La performance di Bellomo riattiva una delle tante storie esemplari della Grande Guerra, quella delle migliaia profughi trentini accolti in Puglia, incarnata nella singolare vicenda di Mandurino Weiss e Trento Dinoi, nati lo stesso giorno del 1916. L’intreccio geografico dei nomi, uno riferito al Trentino e l’altro alle terre pugliesi, testimonia un gesto di riconoscenza e affetto reciproco che le famiglie dei due bambini si scambiarono quando a Manduria vennero accolti i trentini. Dalla Prima Guerra Mondiale la storia porta alla Seconda dove Mandurino e Trento, ormai adulti, prestano servizio nell’esercito italiano in Etiopia. Caduti prigionieri degli inglesi e rinchiusi in un campo, si trovano per la prima volta sentendo i rispettivi nomi durante un appello.
Nell’azione performativa l’artista si pone provocatoriamente e ironicamente come “palo umano” e, reggendo un cartello stradale con i nomi, si posiziona nei pressi di un ponte di Manduria affinché esso venga intitolato ai due bambini.
Oltre alle fotografie sono riportati una serie di screenshot - utilizzati dall’artista per sottoporre la sua azione all’attenzione dei politici locali- come parte organica del lavoro.

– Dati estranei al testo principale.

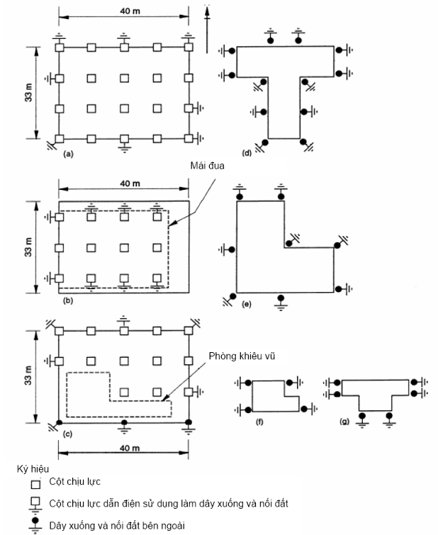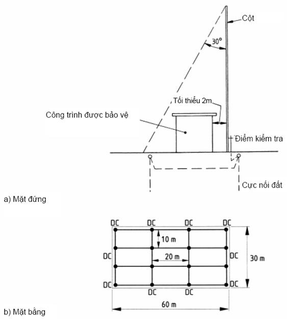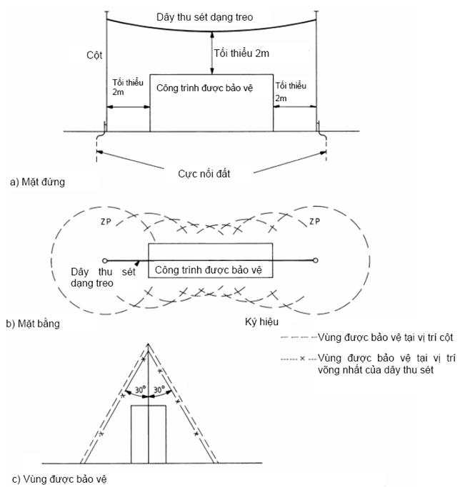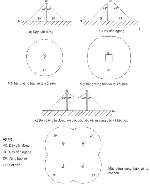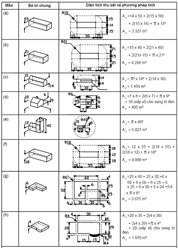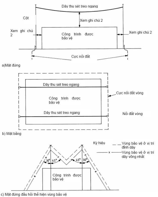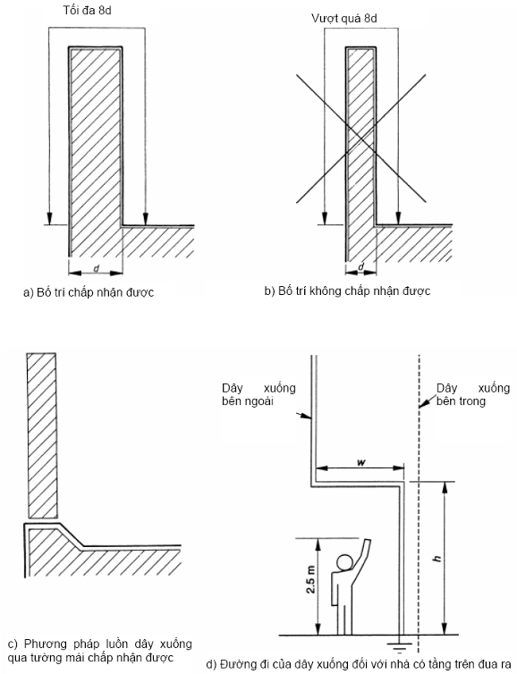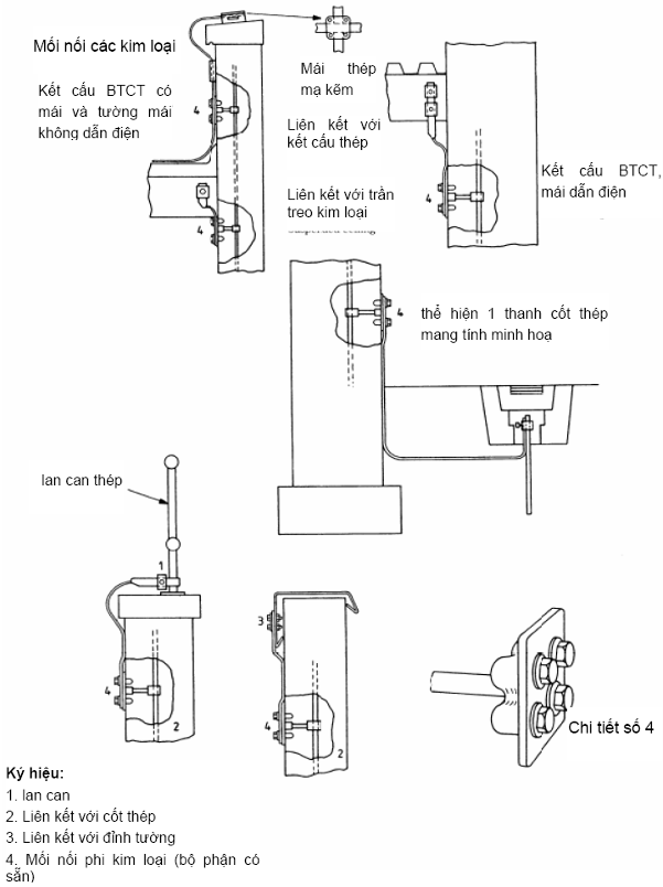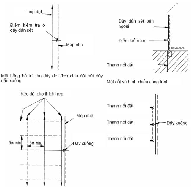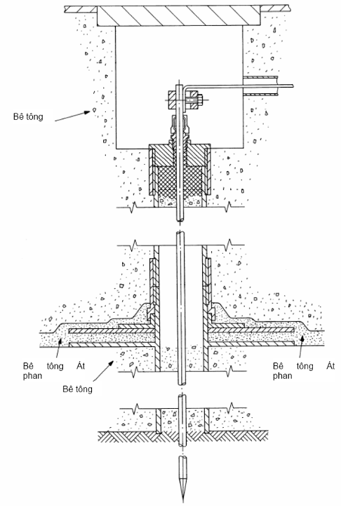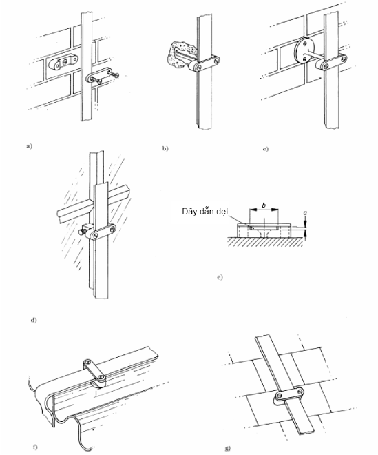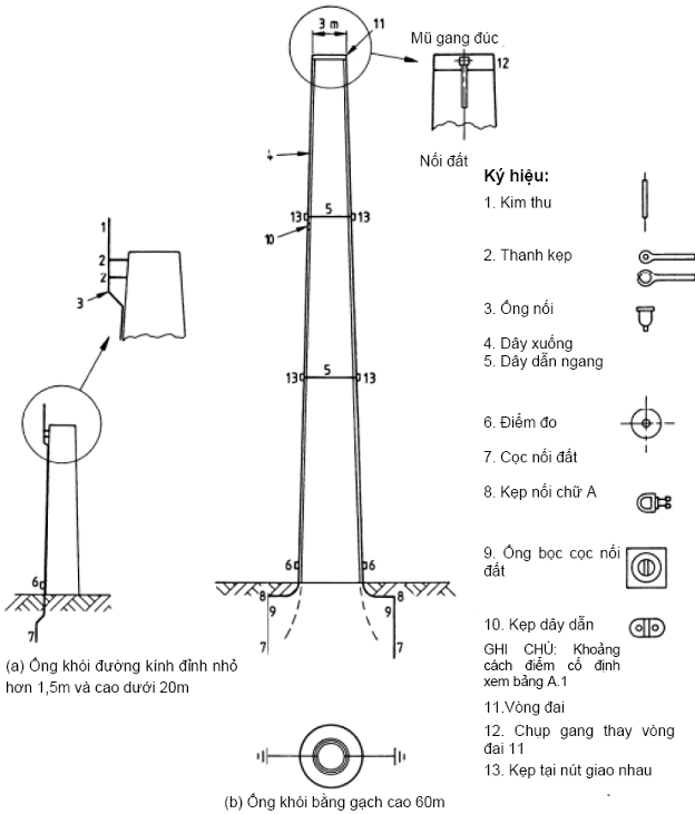 a Sai số cho phép: - 3 %. b Nhúng nóng hoặc phủ điện, chiều dày lớp phủ tối thiểu là 1 micron. c Lớp phủ phải nhẵn, liên tục và không có vết sần với chiều dày danh định là 50 microns. d Chromium 16 %; Nickel 8 %; Carbon 0,07 %. e 50 mm² (đường kính 8 mm) có thể giảm xuống 28 mm² (đường kính 6 mm) trong một số trường hợp không yêu cầu sức bền cơ học cao. Trong trường hợp đó cần lưu ý giảm khoảng cách giữa các điểm cố định. f Chỉ áp dụng cho kim thu sét. Trường hợp ứng suất phát sinh do tải trọng như gió gây ra không lớn thì có thể sử dụng kim thu sét dài tối đa tới 1m đường kính 10mm g Chỉ áp dụng cho thanh cắm xuống đất. h Nếu phải quan tâm đặc biệt tới vấn đề cơ và nhiệt thì các giá trị trên cần tăng lên 78 mm² (đường kính 10 mm) đối với dây tròn đặc và 75 mm² (dày tối thiểu 3 mm) đối với thanh dẹt đặc. |
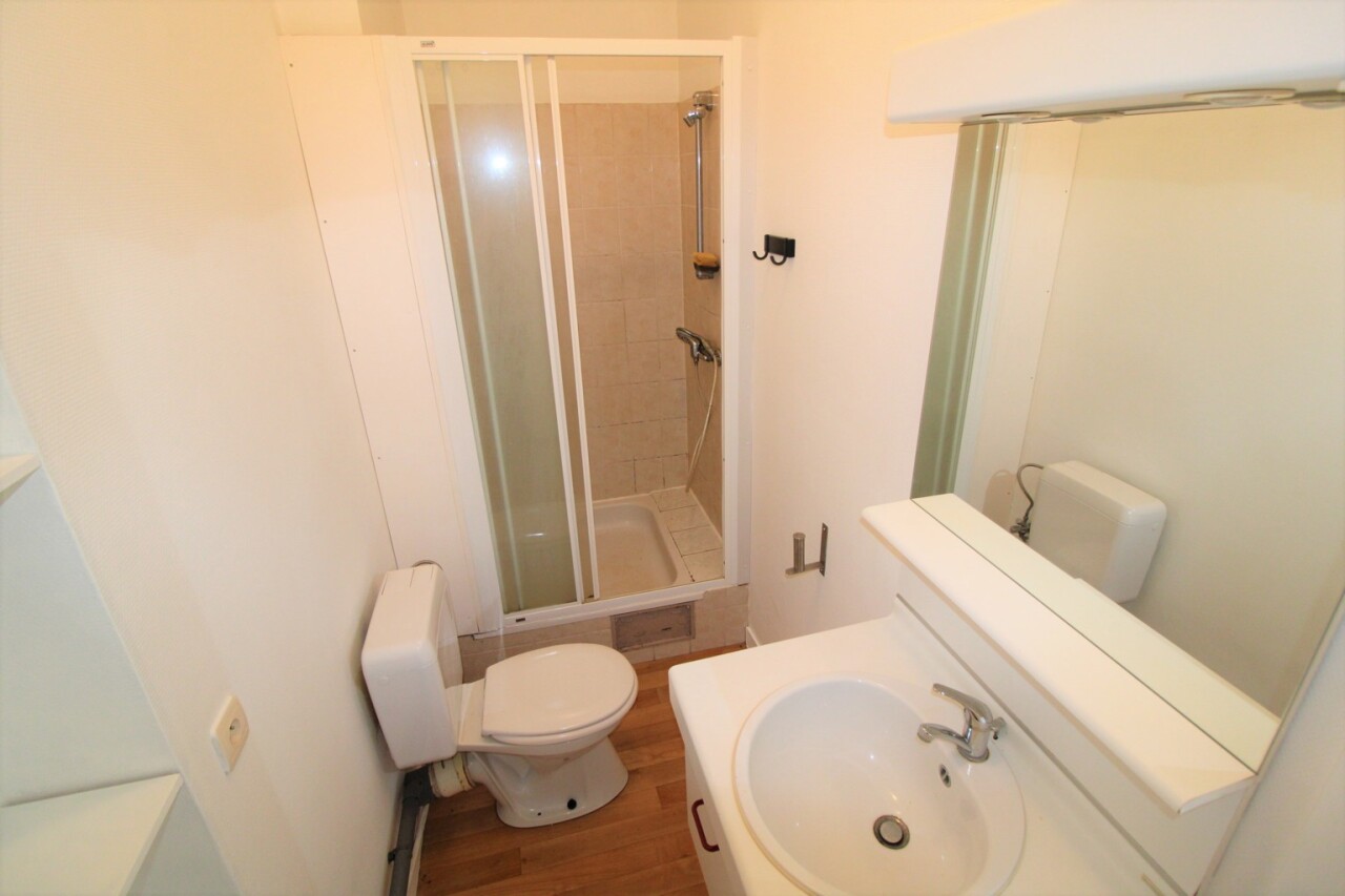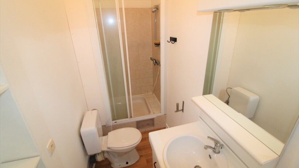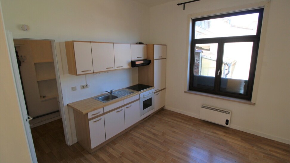 La salle de bain séparée contient un lavabo avec armoire encastrée, toillette et douche. La cuisine se trouve à l'arrière du bâtiment et est equippée avec des plaqques vitro-céramiques, hotte, four, frigo et évier. Le living emplit dans la lumière naturelle grâce aux hautes fenêtres.

L’azione, ampiamente riportata dalla stampa, ha dato il via a una campagna di sensibilizzazione sul valore della solidarietà e, anche riportando il fatto alla cronaca dell’oggi e al problema mai risolto dei profughi, ha riumanizzato un processo, rendendolo più efficace nell’immaginario collettivo e più capace dunque di esercitare una presa trasformativa sulla realtà stessa.